The reason that I assumed that I would need to pull out the foam at least is that the first boat I ever used was a 21' center console. The aft bilge had a very bad mildew problem that took two months to fix and lots of time down in that little hell hole. Also I have only seen pictures of the outside of it and I'm keeping my options open. Just wanted to get some insight.


----------



## bljones (Oct 13, 2008)

Keep looking. There are better boats.


----------



## johnshasteen (Aug 9, 2002)

What boat you choose should depend on where you plan to sail - we sail mostly offshore and with just a crew of two, so, our Bristol 29.9 (third boat for us) was a good choice for us.
Stay with a sloop for your first boat - a cutter has too many sails to worry about.


----------



## gamayun (Aug 20, 2009)

Welcome William. I used to cave dive in your neck of the woods back in the 90s. Now I sail and dive my boat. All great endeavors. 

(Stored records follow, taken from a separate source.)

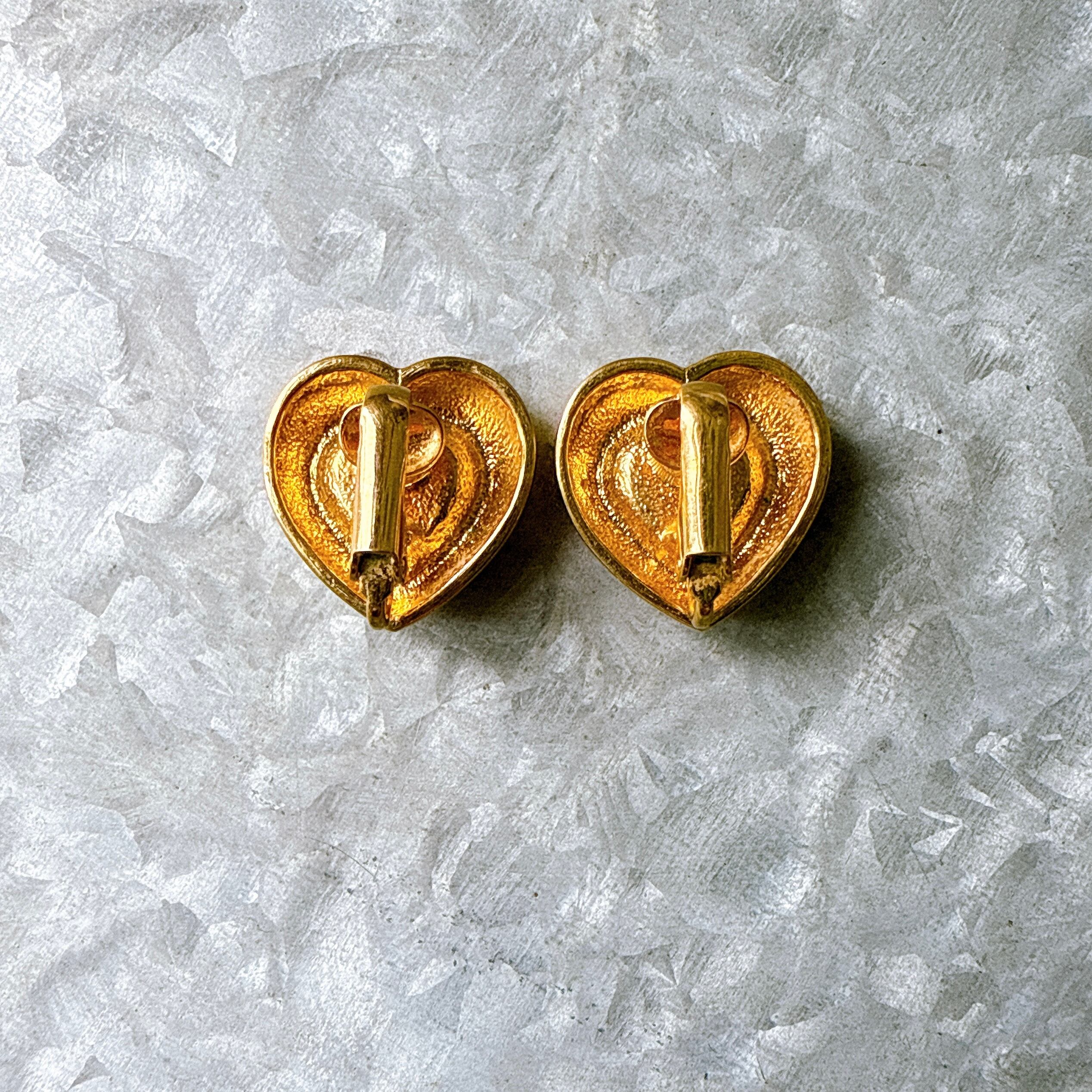深く艶のあるゴールドトーンのハート型フレームが、1980年代の華やかでレトロなムードを演出。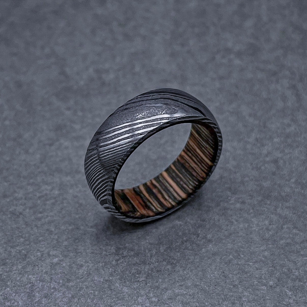 This Damascus steel band has an acid finish and the interior of the ring is lined with a hardwood sleeve. Hardwood rings are a beautiful combination of natural cut hardwood and custom formed alternative metal. If you're searching for a simple option, this wedding band offers a unique but simplistic aesthetic. The appealing design has an acid finish and the sterling hardwood sleeve adds a little extra pop.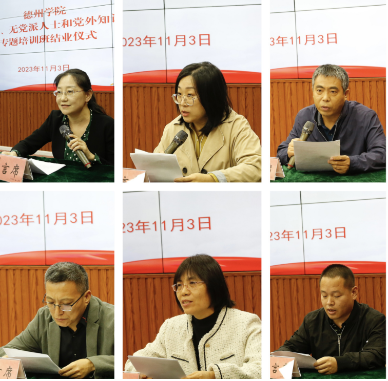 在结业式上,6名学员代表围绕培训期间所思所想谈体会、谈收获、谈感想。大家纷纷表示,专题培训班内容充实,帮助学员们提升了理论水平,增进了沟通交流,凝聚了思想共识,汇聚了奋进力量,今后将积极履职、建言献策,把学习成果转化为推动工作实践的强大动力,始终与中国共产党同心同德、同向同行,立足本职、建功立业,为学校事业发展和地方经济社会发展贡献智慧和力量。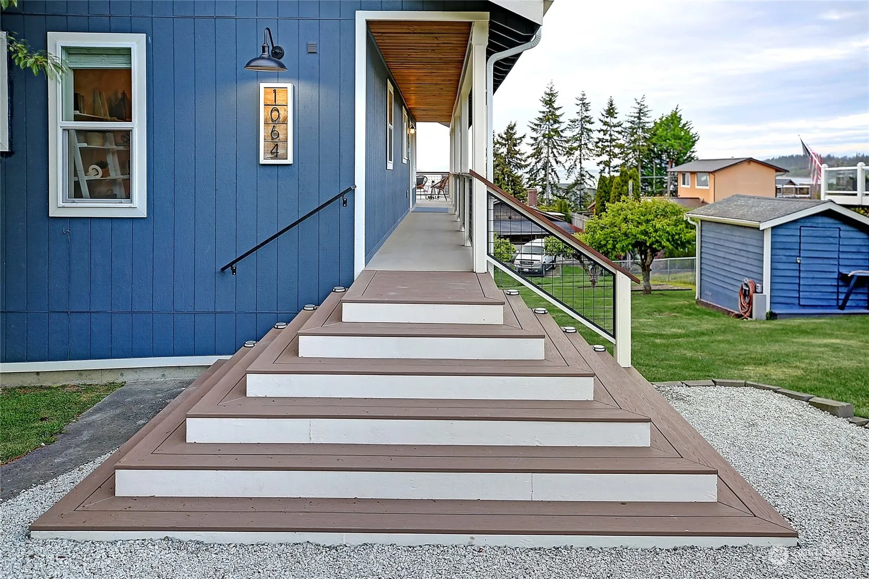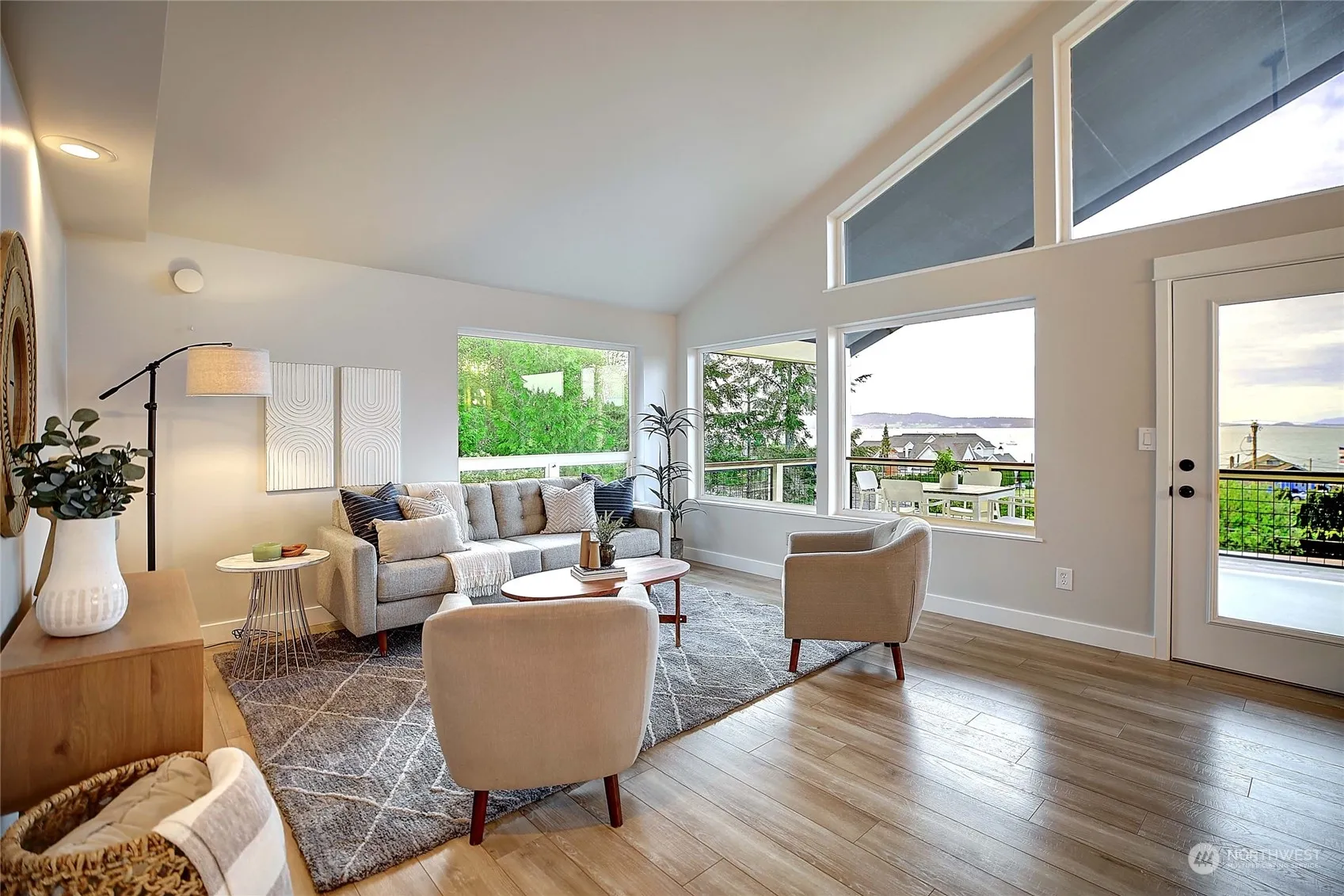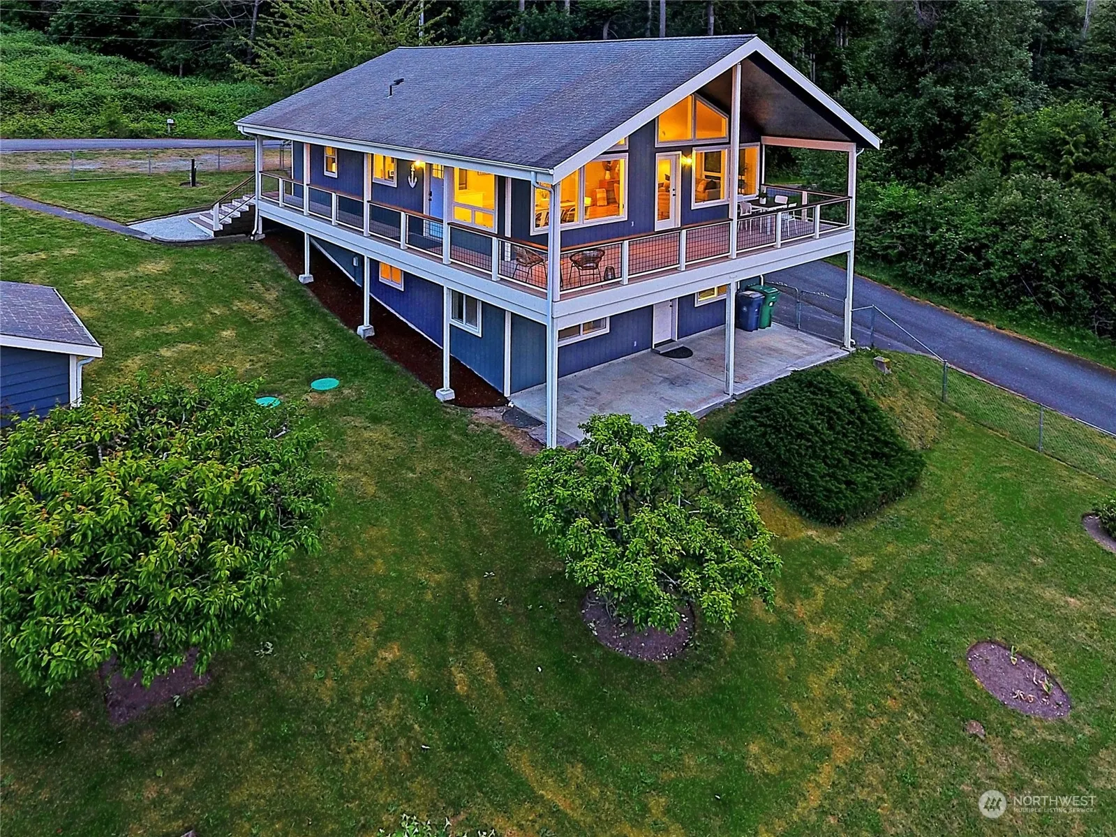 Stunning North End view home, situated on double lot and updated with over $150k in modern, high-quality finishes. Move-in ready, spectacular Sound views from expansive, covered deck to be enjoyed year round and fully fenced yard. Main level features soaring ceilings and abundance of natural light, partially finished full basement provides ample storage and the opportunity to design another living space. 2 main-level bedrooms and lower-level office/den offers flexible living spaces. Garage, carport, plenty of parking and close proximity to private community beach access. Enjoy crabbing, boating, and beachcombing in the waters of Utsalady Bay. Sought-after, easily accessible area on the Island, allows for vacation rentals. An ideal getaway!
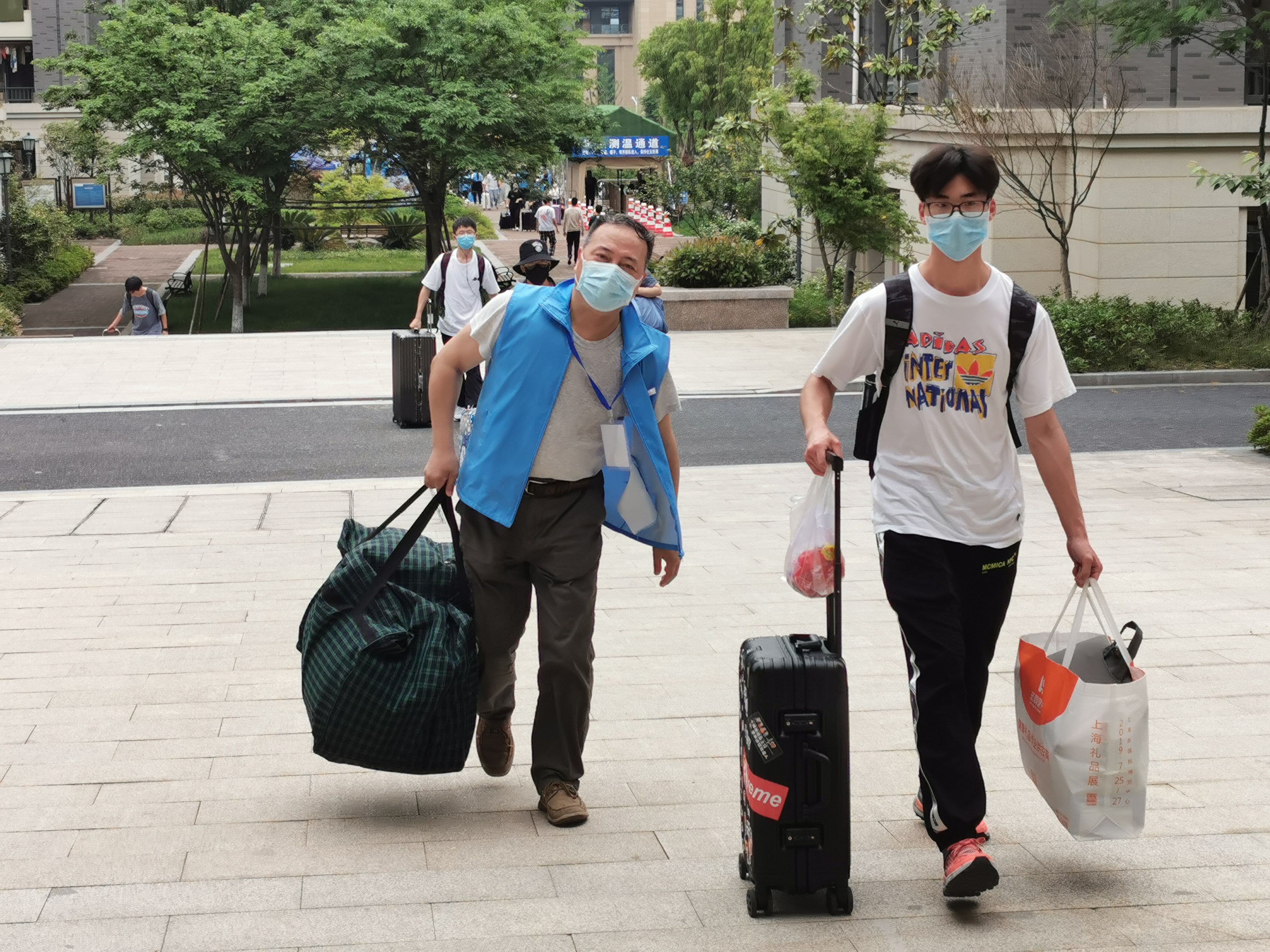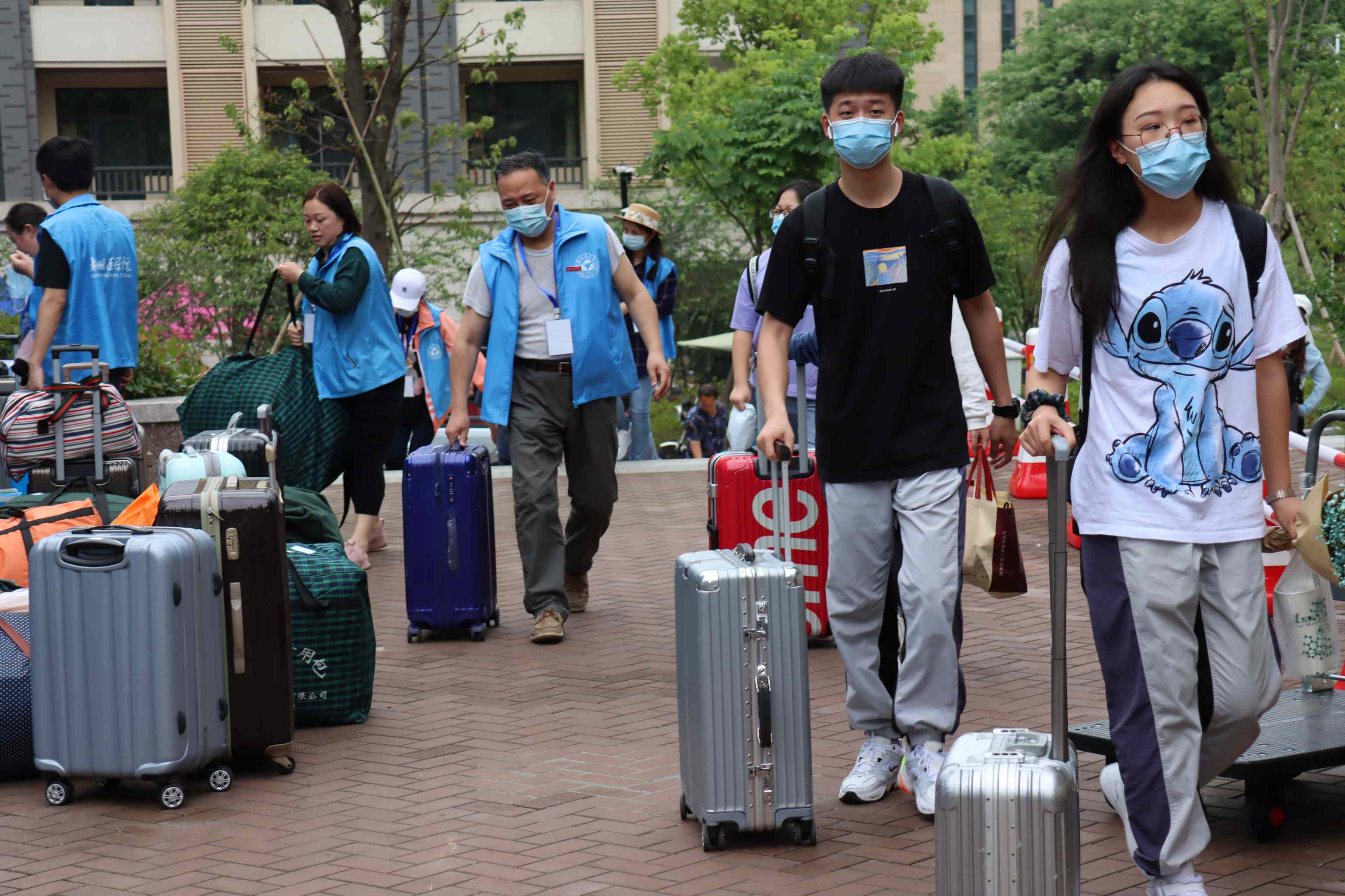 校门口,班主任、辅导员们殷切等待着班里的孩子们。同学们一下车,手上的行李会瞬间被围上的老师志愿者接走。扛上行李的老师们还不忘嘱咐:

Which cove do you plan to anchor in? Are you thinking of living in the boat or just using it as a daysailor? These might affect your choices in the type of boat you get, but at this stage, just get something that is sturdy and has good rigging/sails, then sail the hell out of it. You'll more than likely have other opportunities for better boats in the future. Just make sure whatever you get has good bones. There are a lot of good ones out there in the 20-24-ft range. As to mold, it can exist behind the floorboards and headliner, so throwing out the cushions can eliminate the worst of the smell, but it probably won't eliminate it entirely.


----------



## aa3jy (Jul 23, 2006)

Same here still stick my nose in those springs of north Fla. and Cenotes of Mexico...


----------